INSTRUCTIONS FOR THE TASK
When you reach the line that contains "超極太麺に超濃香味噌スープが", please begin copying, and carry on exactly to the last line of the material, leaving out every picture.

PROVIDED DATA
╔══

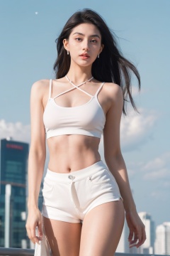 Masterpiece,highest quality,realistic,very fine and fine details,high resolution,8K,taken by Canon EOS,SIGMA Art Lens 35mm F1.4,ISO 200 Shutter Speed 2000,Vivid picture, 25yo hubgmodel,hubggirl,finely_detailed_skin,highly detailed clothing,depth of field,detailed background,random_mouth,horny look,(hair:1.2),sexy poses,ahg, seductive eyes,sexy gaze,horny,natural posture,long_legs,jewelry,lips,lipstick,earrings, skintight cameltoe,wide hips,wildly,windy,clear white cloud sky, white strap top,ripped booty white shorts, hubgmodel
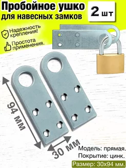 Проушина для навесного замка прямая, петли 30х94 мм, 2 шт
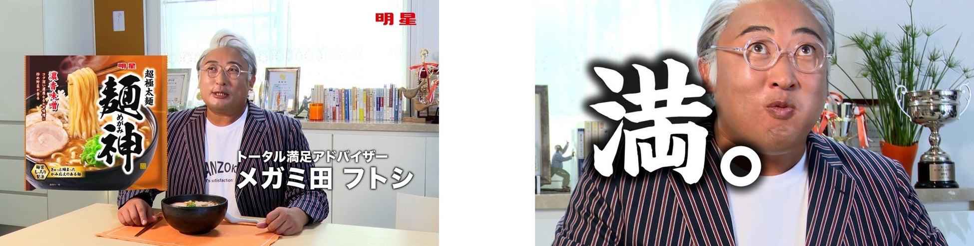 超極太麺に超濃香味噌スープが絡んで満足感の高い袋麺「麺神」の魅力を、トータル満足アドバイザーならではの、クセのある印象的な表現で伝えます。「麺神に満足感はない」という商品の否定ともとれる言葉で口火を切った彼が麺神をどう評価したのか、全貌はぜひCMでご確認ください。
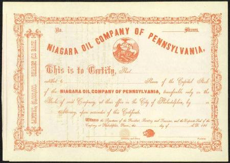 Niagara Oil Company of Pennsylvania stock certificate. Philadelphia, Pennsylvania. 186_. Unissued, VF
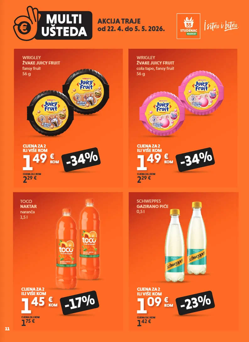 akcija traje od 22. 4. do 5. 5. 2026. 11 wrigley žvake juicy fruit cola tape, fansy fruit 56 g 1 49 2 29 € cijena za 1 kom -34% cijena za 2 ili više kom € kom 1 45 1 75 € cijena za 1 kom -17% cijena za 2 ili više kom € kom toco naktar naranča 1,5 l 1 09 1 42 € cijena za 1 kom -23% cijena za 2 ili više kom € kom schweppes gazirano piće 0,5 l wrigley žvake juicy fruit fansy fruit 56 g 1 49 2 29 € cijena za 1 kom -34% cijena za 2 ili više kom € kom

╚══

YOUR RESPONSE
 超極太麺に超濃香味噌スープが絡んで満足感の高い袋麺「麺神」の魅力を、トータル満足アドバイザーならではの、クセのある印象的な表現で伝えます。「麺神に満足感はない」という商品の否定ともとれる言葉で口火を切った彼が麺神をどう評価したのか、全貌はぜひCMでご確認ください。
 Niagara Oil Company of Pennsylvania stock certificate. Philadelphia, Pennsylvania. 186_. Unissued, VF
 akcija traje od 22. 4. do 5. 5. 2026. 11 wrigley žvake juicy fruit cola tape, fansy fruit 56 g 1 49 2 29 € cijena za 1 kom -34% cijena za 2 ili više kom € kom 1 45 1 75 € cijena za 1 kom -17% cijena za 2 ili više kom € kom toco naktar naranča 1,5 l 1 09 1 42 € cijena za 1 kom -23% cijena za 2 ili više kom € kom schweppes gazirano piće 0,5 l wrigley žvake juicy fruit fansy fruit 56 g 1 49 2 29 € cijena za 1 kom -34% cijena za 2 ili više kom € kom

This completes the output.